**WHAT IS BEING ASKED**
Your copy should begin with the line containing "ざっくりした編み立てがこなれた印象◎ウェーブ編みケーブルニットカーディガン", end with the line containing "Hátizsák RFID blokkolóval.", match the listing below exactly, and contain no pictures.

**INPUT MATERIAL**
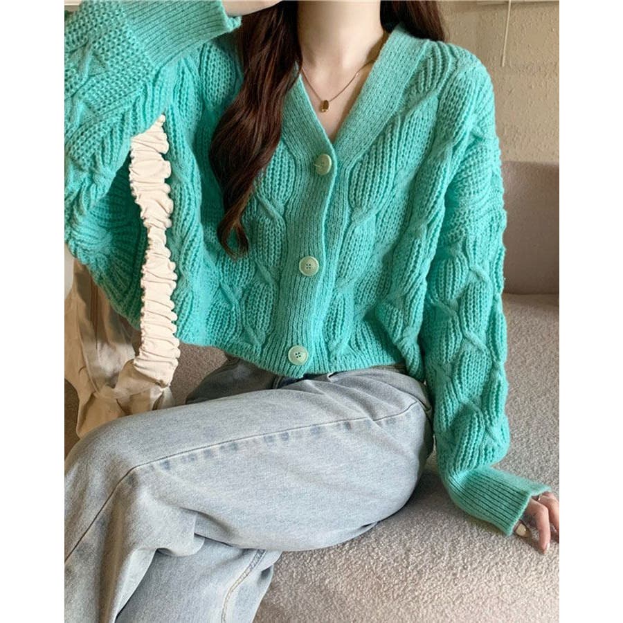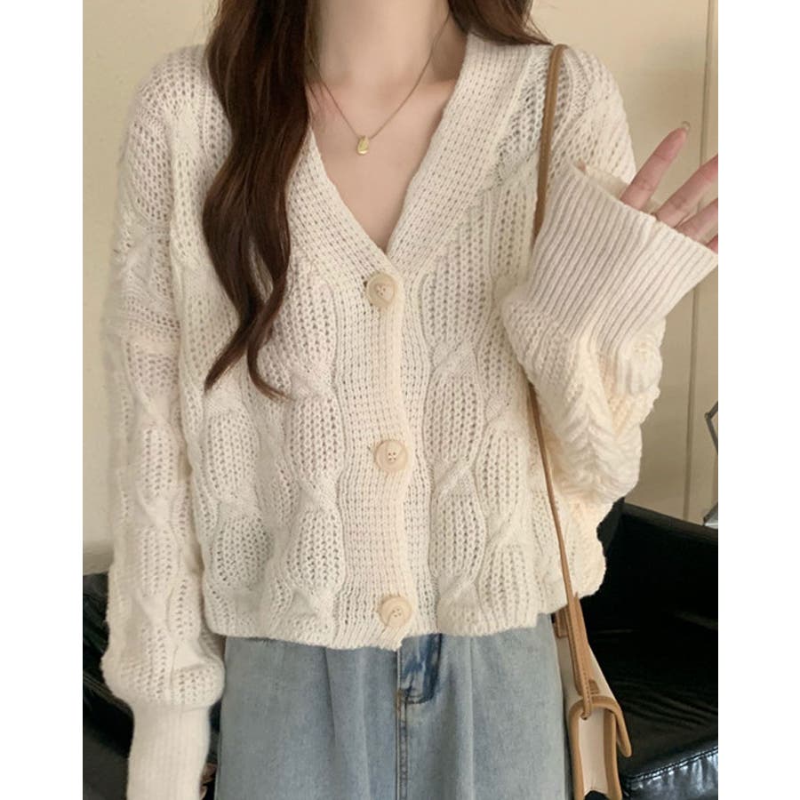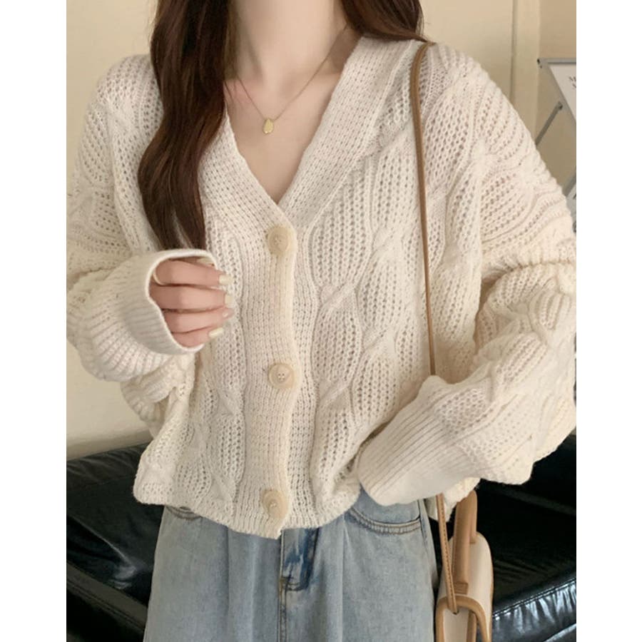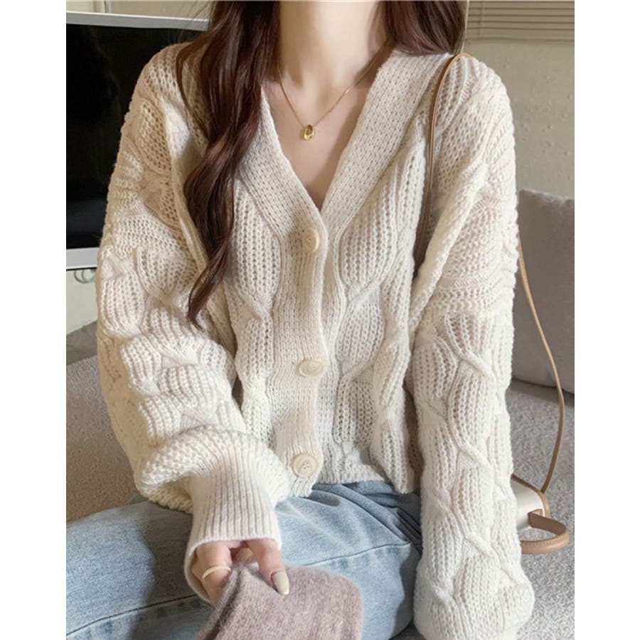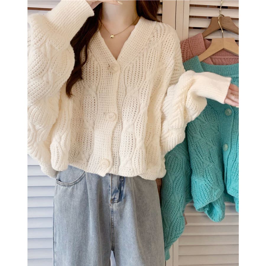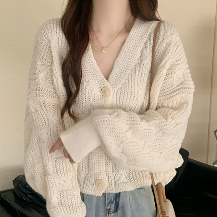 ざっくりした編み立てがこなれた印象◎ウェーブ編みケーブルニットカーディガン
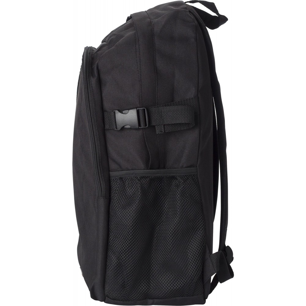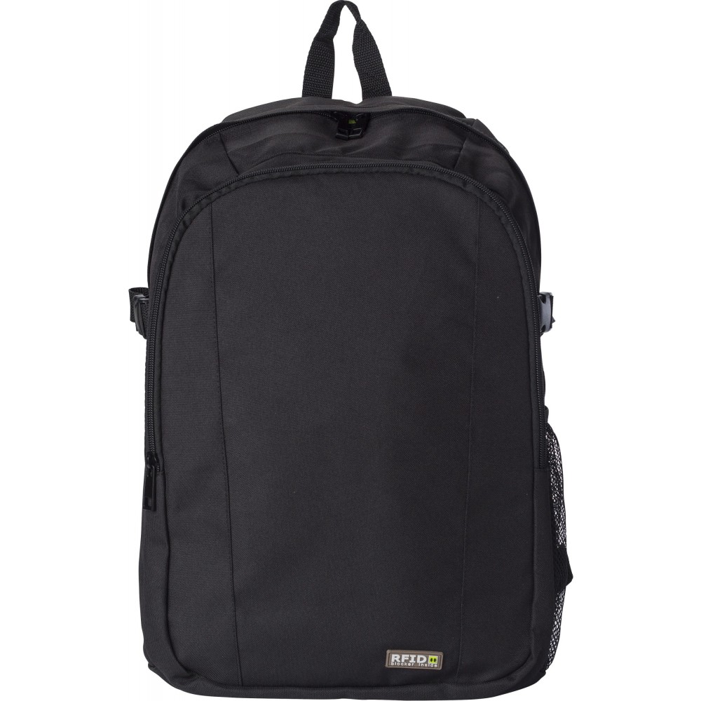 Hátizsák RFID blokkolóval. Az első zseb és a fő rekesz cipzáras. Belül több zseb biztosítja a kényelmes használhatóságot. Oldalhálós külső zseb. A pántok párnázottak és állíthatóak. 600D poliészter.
...
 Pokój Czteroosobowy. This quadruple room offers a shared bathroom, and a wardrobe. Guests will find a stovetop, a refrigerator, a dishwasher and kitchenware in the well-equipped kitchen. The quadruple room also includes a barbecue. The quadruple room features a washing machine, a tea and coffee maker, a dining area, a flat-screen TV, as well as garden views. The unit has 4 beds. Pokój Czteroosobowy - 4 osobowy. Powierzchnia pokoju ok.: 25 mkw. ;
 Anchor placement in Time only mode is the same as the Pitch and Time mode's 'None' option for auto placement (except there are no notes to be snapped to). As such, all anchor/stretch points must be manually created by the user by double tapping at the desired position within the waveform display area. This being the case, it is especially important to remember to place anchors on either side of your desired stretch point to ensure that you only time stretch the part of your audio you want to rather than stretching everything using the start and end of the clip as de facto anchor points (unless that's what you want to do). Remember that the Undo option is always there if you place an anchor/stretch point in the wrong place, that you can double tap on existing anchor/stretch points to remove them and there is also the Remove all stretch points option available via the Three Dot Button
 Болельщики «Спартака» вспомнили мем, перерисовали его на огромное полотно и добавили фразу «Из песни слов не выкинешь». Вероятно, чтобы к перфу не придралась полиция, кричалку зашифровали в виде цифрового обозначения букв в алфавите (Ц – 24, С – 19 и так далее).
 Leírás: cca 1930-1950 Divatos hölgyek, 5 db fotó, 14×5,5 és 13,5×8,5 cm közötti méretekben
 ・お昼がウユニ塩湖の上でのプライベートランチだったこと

**EXERCISE ANSWER**
 ざっくりした編み立てがこなれた印象◎ウェーブ編みケーブルニットカーディガン
 Hátizsák RFID blokkolóval. Az első zseb és a fő rekesz cipzáras. Belül több zseb biztosítja a kényelmes használhatóságot. Oldalhálós külső zseb. A pántok párnázottak és állíthatóak. 600D poliészter.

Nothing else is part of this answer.